I. Rape is an ugly reality in animal life, including the life of humanity. We have developed many tools to curb and contain it. Unsurprisingly, some tools work better than others, and any tool can be recycled as a weapon (perpetrating abuse instead of containing it). We have not found a final solution for rape that is universal (applicable to everyone always). I do not think we will. The most we can do is educate ourselves (about the dangers in the world and the reality that we cannot control them perfectly, as a species or as individuals).

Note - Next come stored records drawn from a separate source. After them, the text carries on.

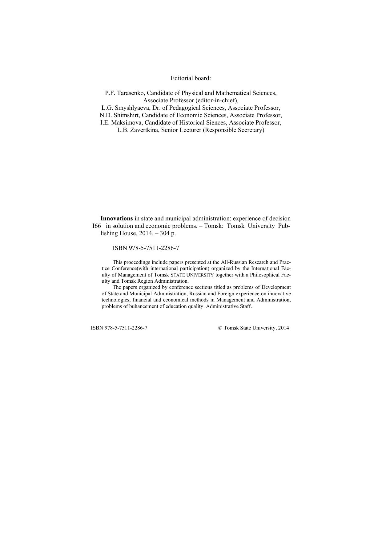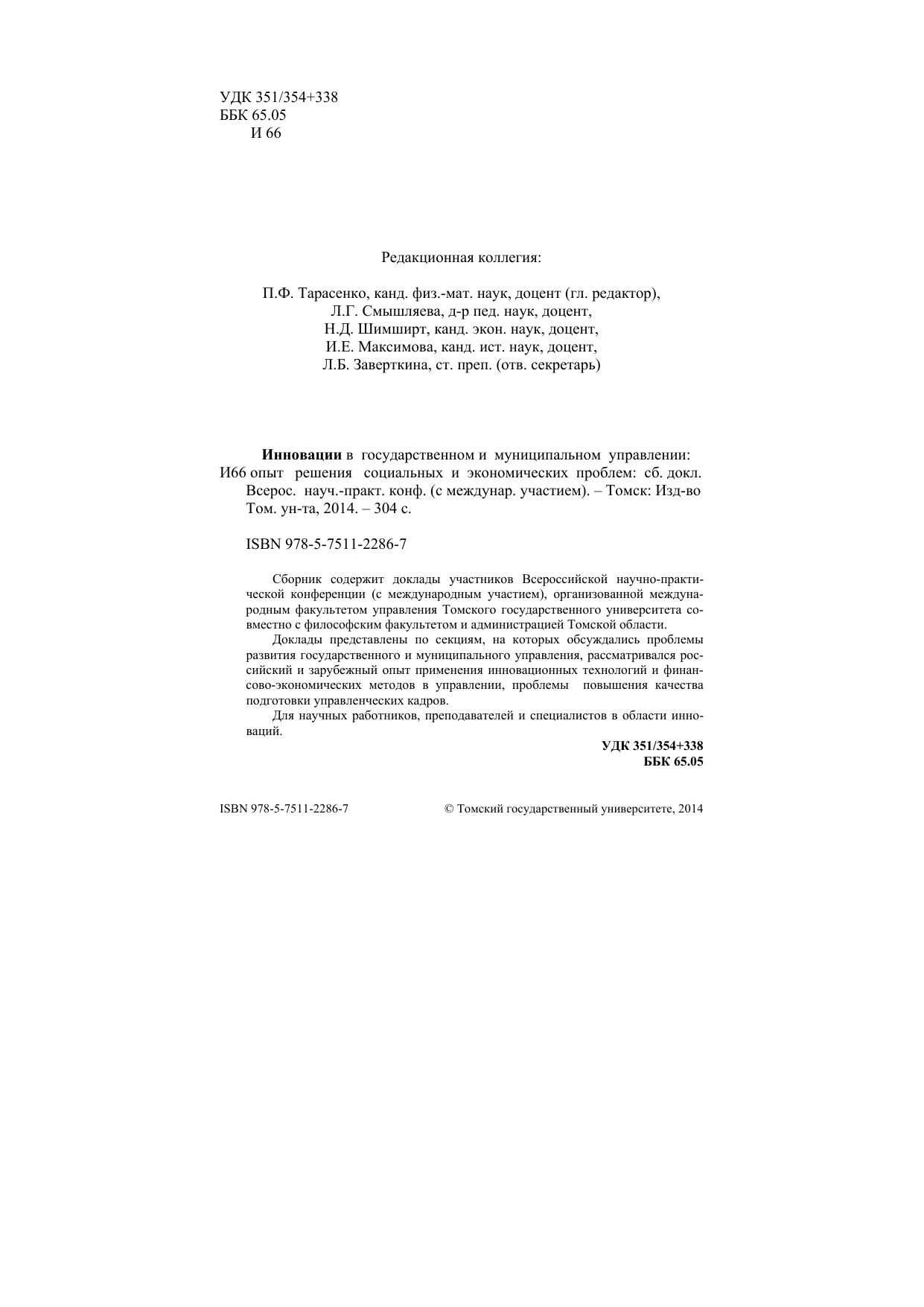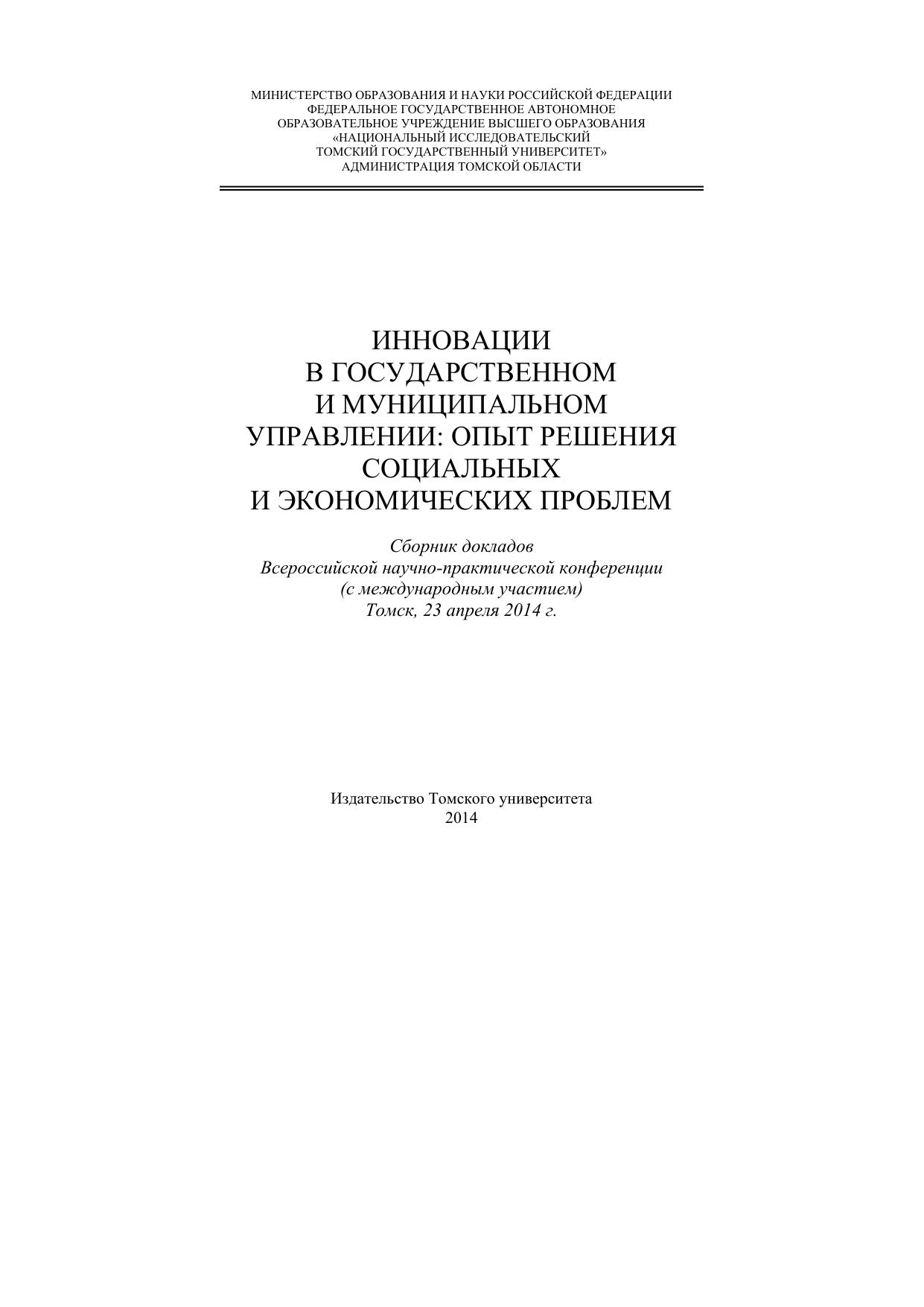 Сборник содержит доклады участников Всероссийской научно-практической конференции (с международным участием), организованной международным факультетом управления Томского государственного университета совместно с философским факультетом и администрацией Томской области. Доклады представлены по секциям, на которых обсуждались проблемы развития государственного и муниципального управления, рассматривался российский и зарубежный опыт применения инновационных технологий и финансово-экономических методов в управлении, проблемы повышения качества подготовки управленческих кадров. Для научных работников, преподавателей и специалистов в области инноваций.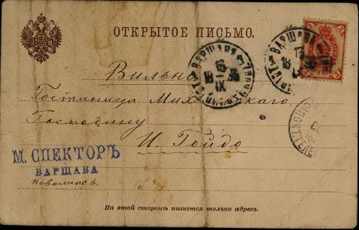 Открытка Бернарду Горину от варшавского издателя Спектора. Фото из коллекции YIVO.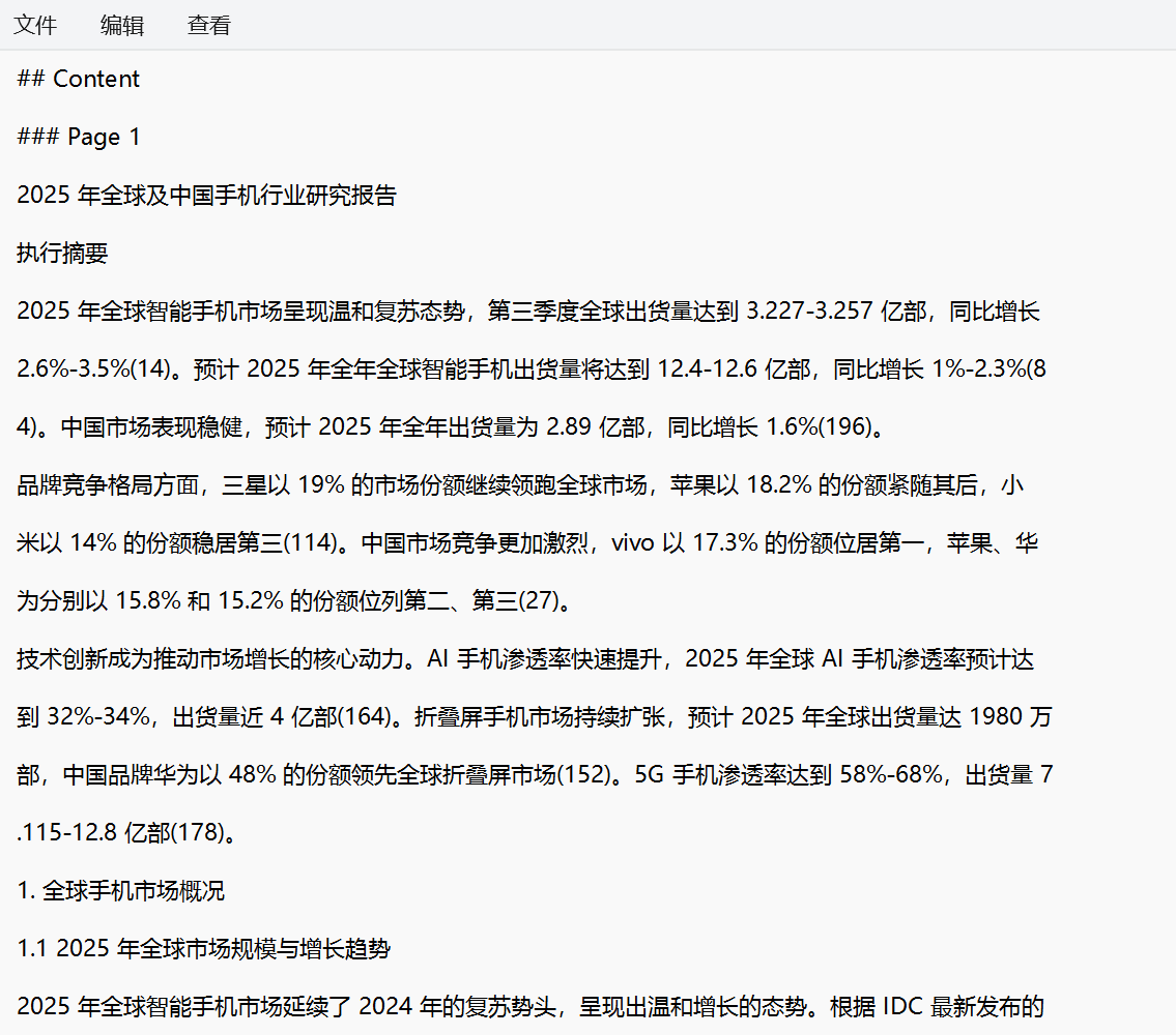 下面以一份PDF行业报告为例,咱们用这个工具去提取文本和表格,速度非常快。

We must not blame victims. That will not help them (as they seek healing) or us (as we seek means to protect them and others like them, including ourselves). Rape is out there no matter what you wear, no matter what god you pray to (or ignore), no matter what meetings you attend, no matter your education (etc.). Your job as a human being is to make sure primarily (1) that you don't perpetrate it, and only secondarily (2) that you equip yourself to fight or flee it when it finds you--as best you can. It is never your fault that you remain vulnerable. We are all vulnerable. Nobody says that a victim of assault or robbery "should have practised street-fighting more." That is a worthless comment, particularly when it comes from someone who has never been attacked. People are not the same, and neither are their circumstances. Bad things happen to good people all the time (I mean "good" in the broadest sense here, encompassing everything from "innocent" to "morally upright" to "prepared").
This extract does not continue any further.